I have...they seem very rigid.

Can I even get a modern tool holder to fit this?


----------



## fezi (May 5, 2007)

For a start your cutting tip should be bang on centre height and speeds should not change from regular cutting speeds.Use a high feed rate as well. If you can buy a cheap ebay carbide parting tool holder, tool steel parting tools tend to be arse especially hand ground ones if your not up to speed on grinding them up yourself. I've been machining for way too long and have never had a drama with parting alloy. 

Also after re-reading your post it sounds like there is a tool rigidity problem, at no time should a tool be able to be "pulled" under the work. Sounds like the tool post is a little too flexible or the tool is too flexible


----------



## brad72 (Jun 12, 2009)

Go the 1mm parting blade thickness and go over the groove a few times get the desired thickness. Then when you reach the desired depth on all the cuts run back and forth at the base of the groove to smooth her up.

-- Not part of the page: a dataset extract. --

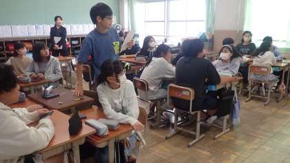 はじめに「税」の種類や役割についてのお話をしていただき、「税金で公共の図書館を建てる」という想定で1人1人がいくらずつ税金を出すとよいかを考えました。

Also make sure that the parting blade is a bit narrower towards the base to stop the tool binding on the workpiece.

For a bit of extra help on the correct tool angle etc check out this site http://www.mini-lathe.com/Mini_lathe/Operation/Parting/parting.htm

Like i said in an earlier post, once you have got your angles and height correct everything will fall into place.


----------



## unterhausen (Sep 28, 2008)

chelboed said:


> Can I even get a modern tool holder to fit this?


of course, probably an AXA. They are held on by a t-nut just like your current toolholder


----------